| DIRECTIONS FOR THIS TASK |
Return an exact copy of the lines from the one holding "A sporty varsity" to the end of the data, including both the starting and final lines. Leave the pictures out.

| MATERIALS PROVIDED |
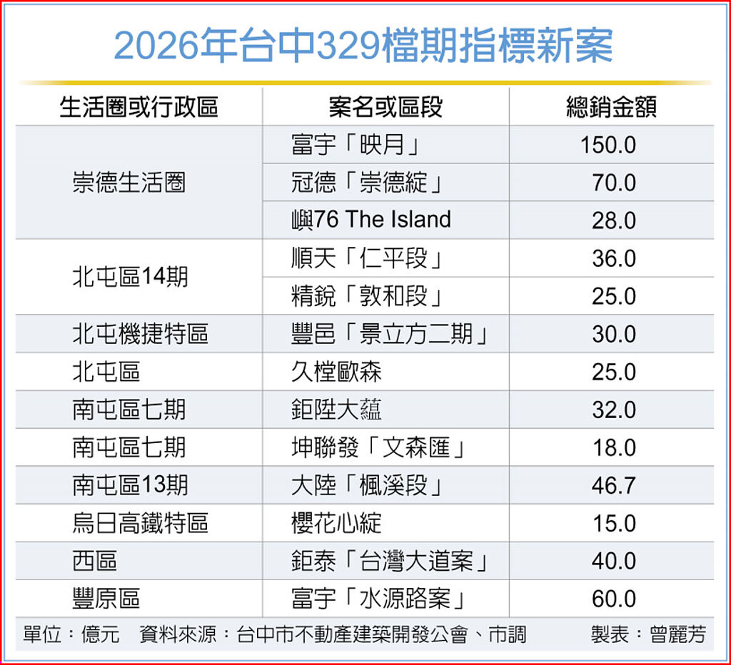 此外,成熟市中心同樣有新案登場。西區鉅泰建設將推出「台灣大道案」,總銷約40億元;富宇建設推出「水源路案」,總銷約60億元,鎖定在地自住族群。
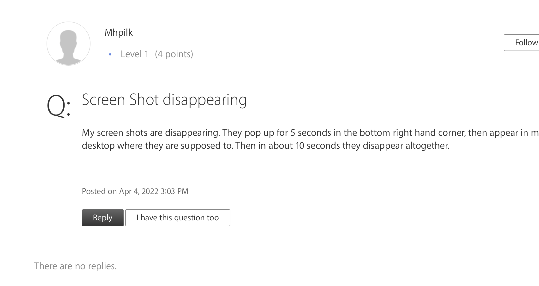 My screen shots are disappearing. They pop up for 5 seconds in the bottom right hand corner, then appear in my desktop where they are supposed to. Then in about 10 seconds they disappear altogether.
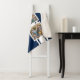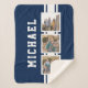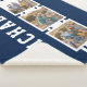 A sporty varsity style blanket with 3 photos arranged one below the other in front of a line of white stripes all against an editable background colour (click "customise" to change background colour).
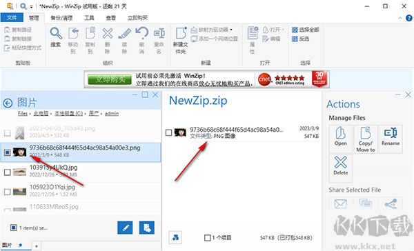 4、在 Windows Explorer 與 WinZip 間無縫切換
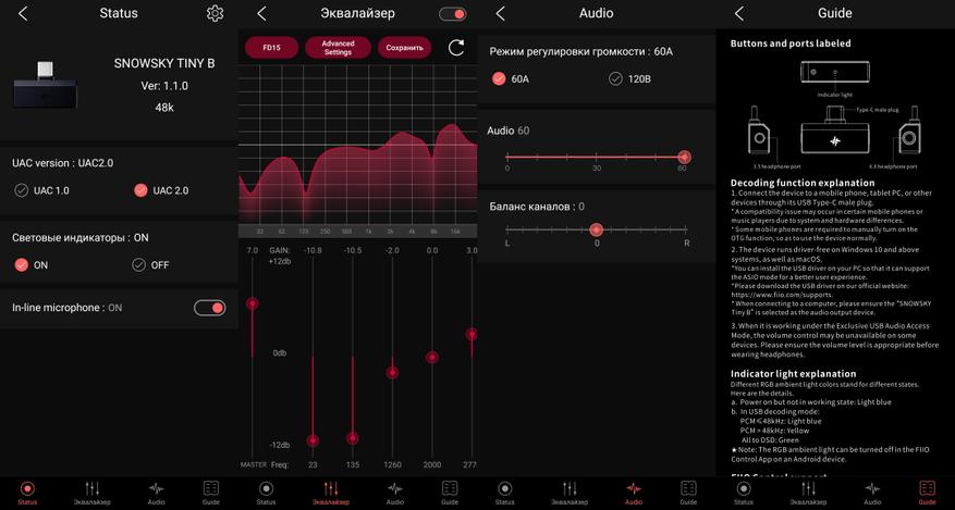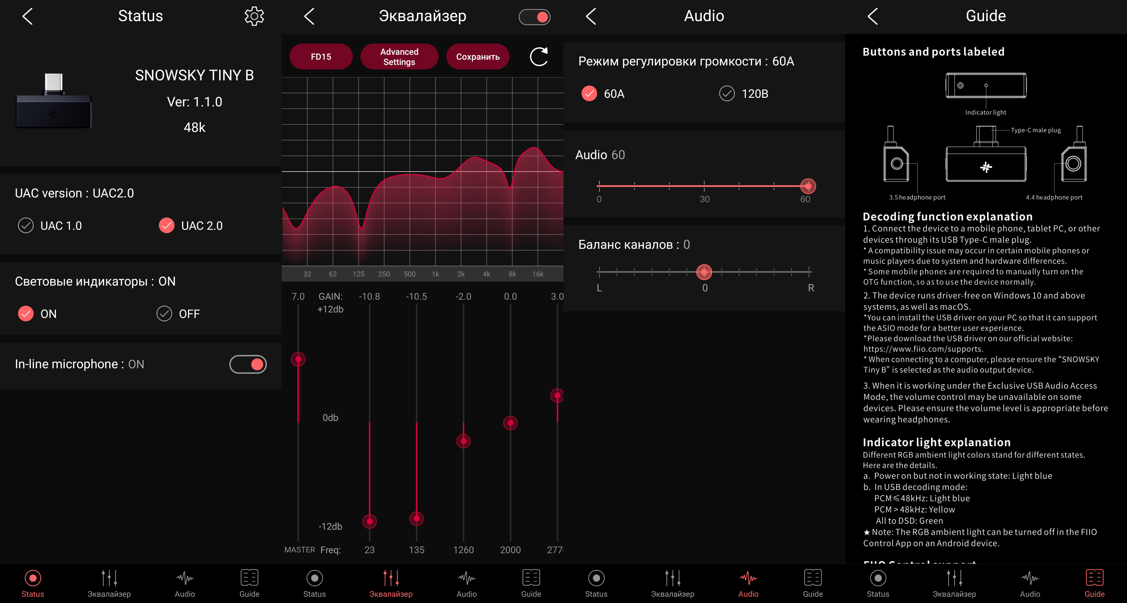 В приложении FiiO Control всё одинаково для обоих ЦАПов, кроме краткой инструкции, которая на последней вкладке, и у каждого ЦАПа она своя. Кроме того, что у ЦАПов можно выбрать версию UAC, отключить светодиод и поддержку микрофона, настроить громкость с балансом, можно также выбрать количество шагов для громкости, и я не понял, на что это влияет.
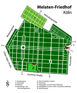 Melaten is in the north of the municipal district of Lindenthal.[2] It is surrounded by streets, in the south Aachener Straße (Köln), in the east Piusstraße, in the west Oskar-Jäger-Straße and the Melatengürtel, and in the north Weinsbergstraße. The 435,000-square-metre cemetery had 55,540 graves in 2008, and is the largest cemetery in the city.
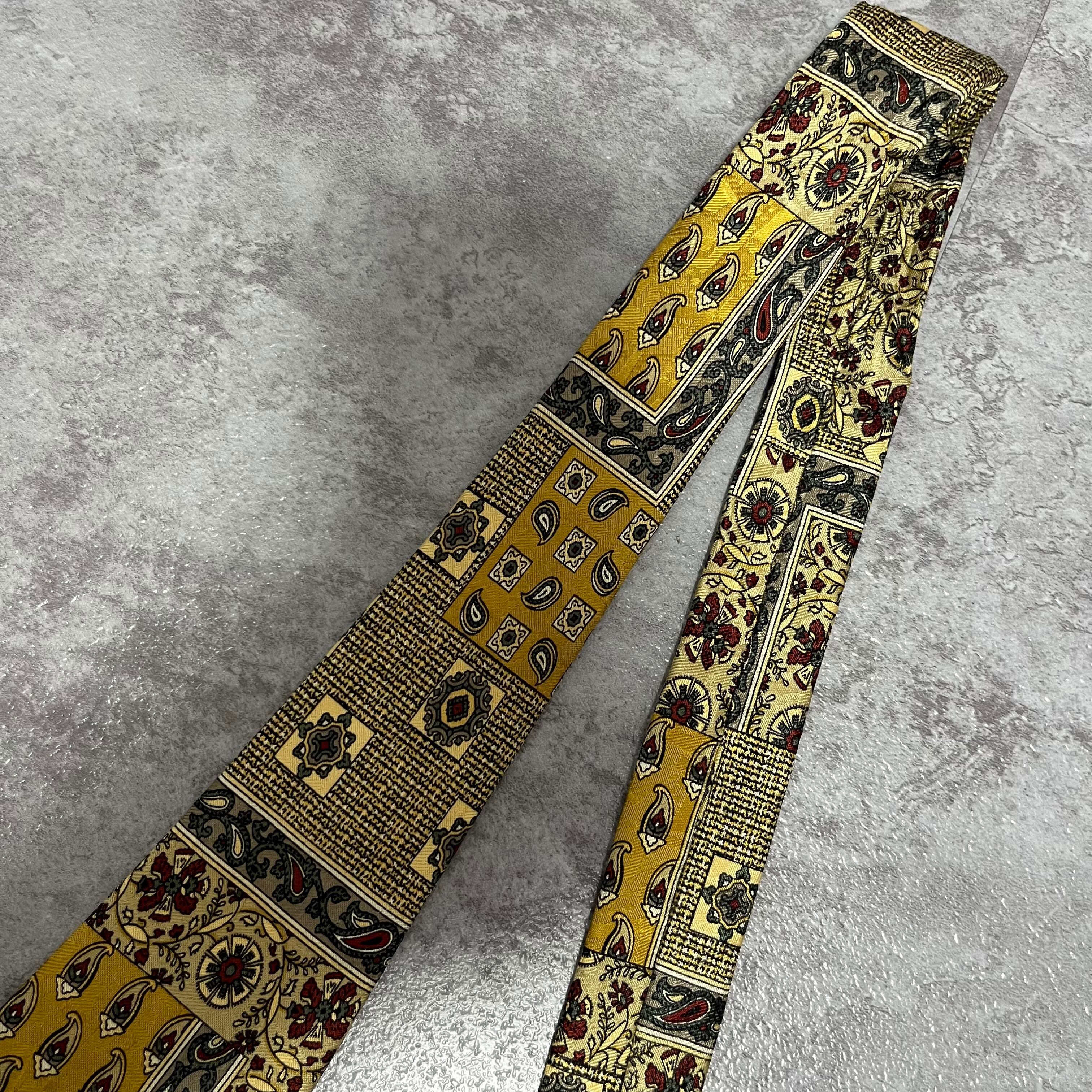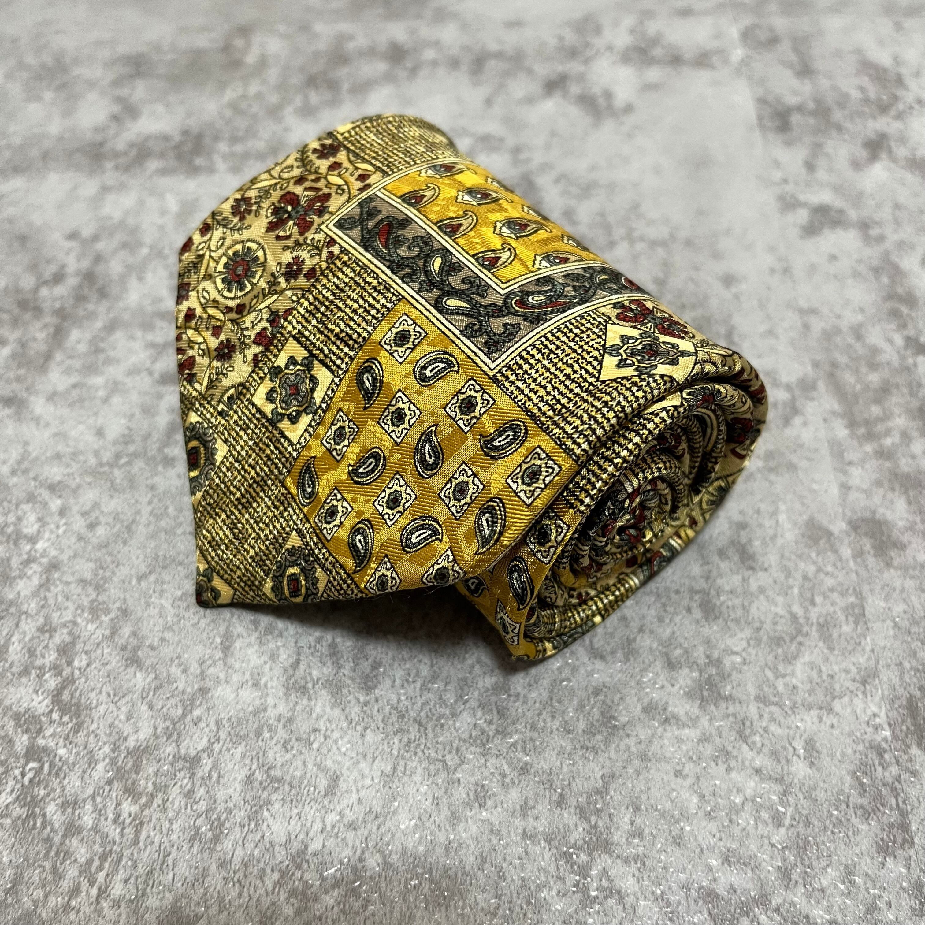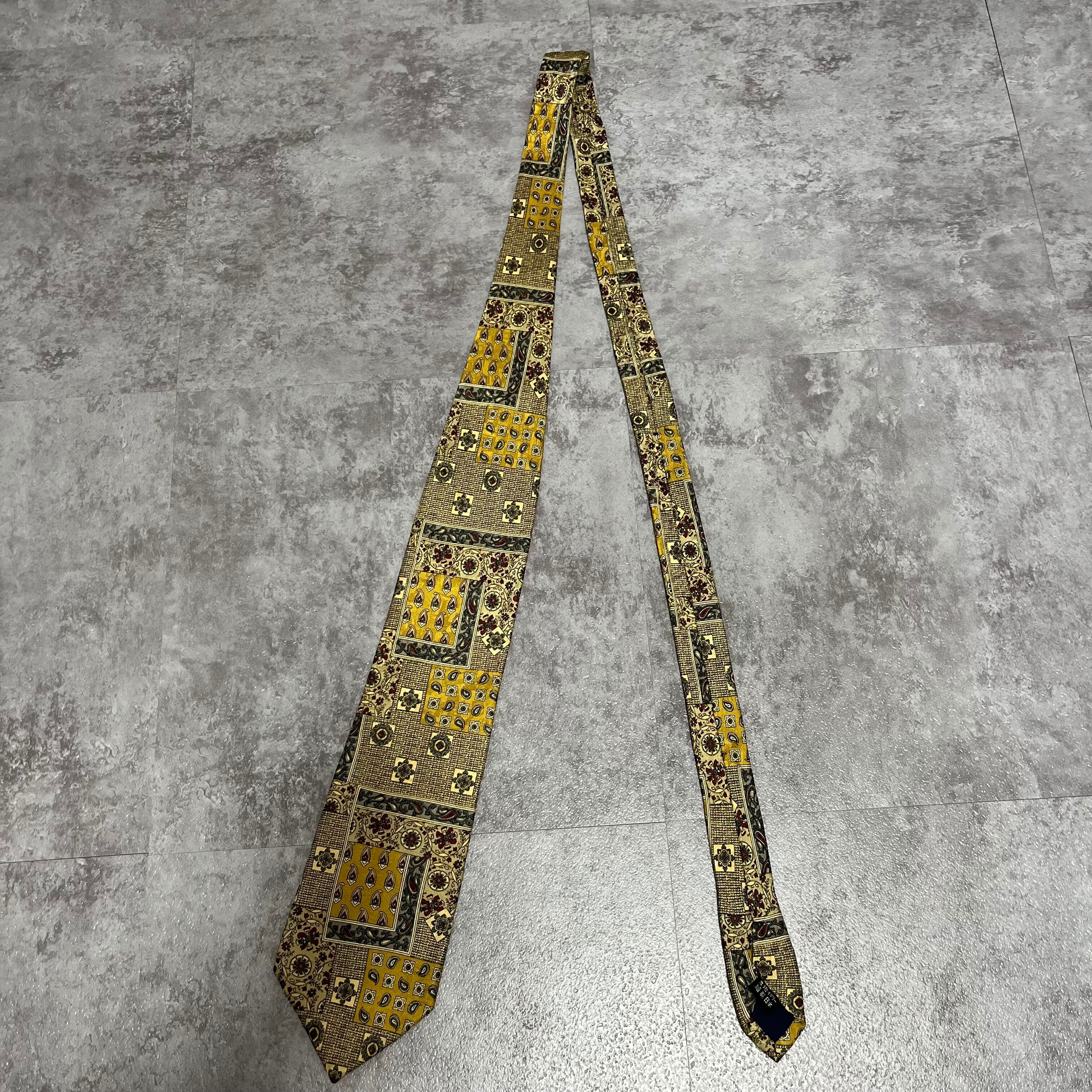 【ペイズリー】アートペイズリーネクタイ イエロー 絨毯風 ボタニカル 植物柄

| SOLUTION BELOW |
 A sporty varsity style blanket with 3 photos arranged one below the other in front of a line of white stripes all against an editable background colour (click "customise" to change background colour).
 4、在 Windows Explorer 與 WinZip 間無縫切換
 В приложении FiiO Control всё одинаково для обоих ЦАПов, кроме краткой инструкции, которая на последней вкладке, и у каждого ЦАПа она своя. Кроме того, что у ЦАПов можно выбрать версию UAC, отключить светодиод и поддержку микрофона, настроить громкость с балансом, можно также выбрать количество шагов для громкости, и я не понял, на что это влияет.
 Melaten is in the north of the municipal district of Lindenthal.[2] It is surrounded by streets, in the south Aachener Straße (Köln), in the east Piusstraße, in the west Oskar-Jäger-Straße and the Melatengürtel, and in the north Weinsbergstraße. The 435,000-square-metre cemetery had 55,540 graves in 2008, and is the largest cemetery in the city.
 【ペイズリー】アートペイズリーネクタイ イエロー 絨毯風 ボタニカル 植物柄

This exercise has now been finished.